We review de novo the district court's grant of summary judgment. N.Y. State Rest. Ass'n v. N.Y. City Bd. of Health, 556 F.3d 114, 122 (2d Cir.2009). Summary judgment is appropriate where “the pleadings, the discovery and disclosure materials on file, and any affidavits show that there is no genuine issue as to any material fact and that the movant is entitled to judgment as a matter of law.” Fed.R.Civ.P. 56(c). The moving party bears the initial burden of demonstrating “the absence of a genuine issue of material fact.” Celotex Corp. v. Catrett, 477 U.S. 317, 323, 106 S.Ct. 2548, 91 L.Ed.2d 265 (1986). Where the moving party meets that burden, the opposing party must come forward with specific evidence demonstrating the existence of a genuine dispute of material fact. Anderson v. Liberty Lobby, Inc., 477 U.S. 242, 249, 106 S.Ct. 2505, 91 L.Ed.2d 202 (1986).
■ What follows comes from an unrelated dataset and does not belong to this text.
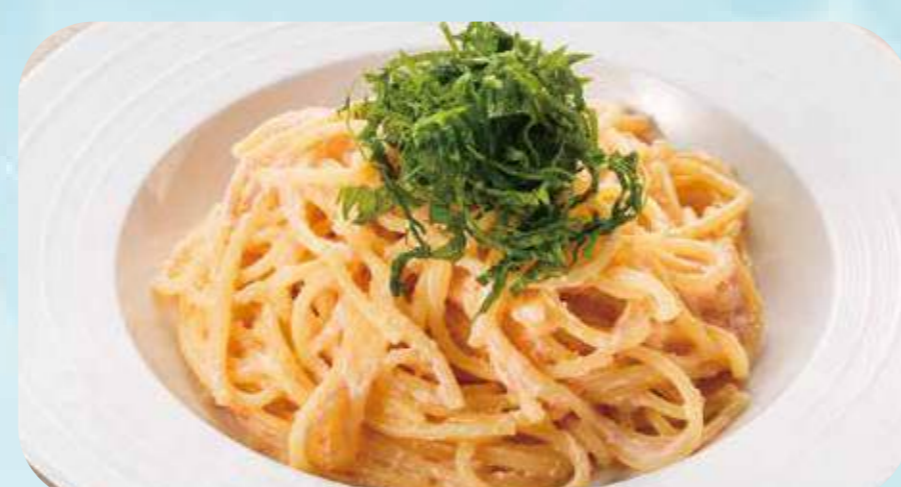
Mentaiko's cream 16 明太子クリーム ¥890

In determining whether there is a genuine issue as to any material fact, [t]he evidence of the non-movant is to be believed, and all justifiable inferences are to be drawn in his favor.” Id. at 255, 106 S.Ct. 2505. To defeat a summary judgment motion, the non-moving party “must do more than simply show that there is some metaphysical doubt as to the material facts,” Matsushita Elec. Indus. Co. v. Zenith Radio Corp., 475 U.S. 574, 586, 106 S.Ct. 1348, 89 L.Ed.2d 538 (1986), and “may not rely on conclusory allegations or unsubstantiated speculation,” Scotto v. Almenas, 143 F.3d 105, 114 (2d Cir.1998). Where it is clear that no rational finder of fact “could find in favor of the nonmoving party because the evidence to support its case is so slight,” summary judgment should be granted. Gallo v. Prudential Residential Servs., Ltd. P'ship, 22 F.3d 1219, 1224 (2d Cir.1994).

B. Section 1823(e)

The FDIC argues that 12 U.S.C. § 1823(e), which protects the FDIC from defenses not apparent on the face of an asset it acquires as receiver of a failed bank, bars GAIC's misrepresentation defense. In pertinent part, Section 1823(e) reads as follows:

No agreement which tends to diminish or defeat the interest of the [FDIC] in any asset acquired by it ... as receiver of any insured depository institution, shall be valid against the [FDIC] unless such agreement-
(A) is in writing,
(B) was executed by the depository institution and any person claiming an adverse interest thereunder, including the obligor, contemporaneously with the acquisition of the asset by the depository institution,
(C) was approved by the board of directors of the depository institution or its loan committee, which approval shall be reflected in the minutes of said board or committee, and
(D) has been, continuously, from the time of its execution, an official record of the depository institution.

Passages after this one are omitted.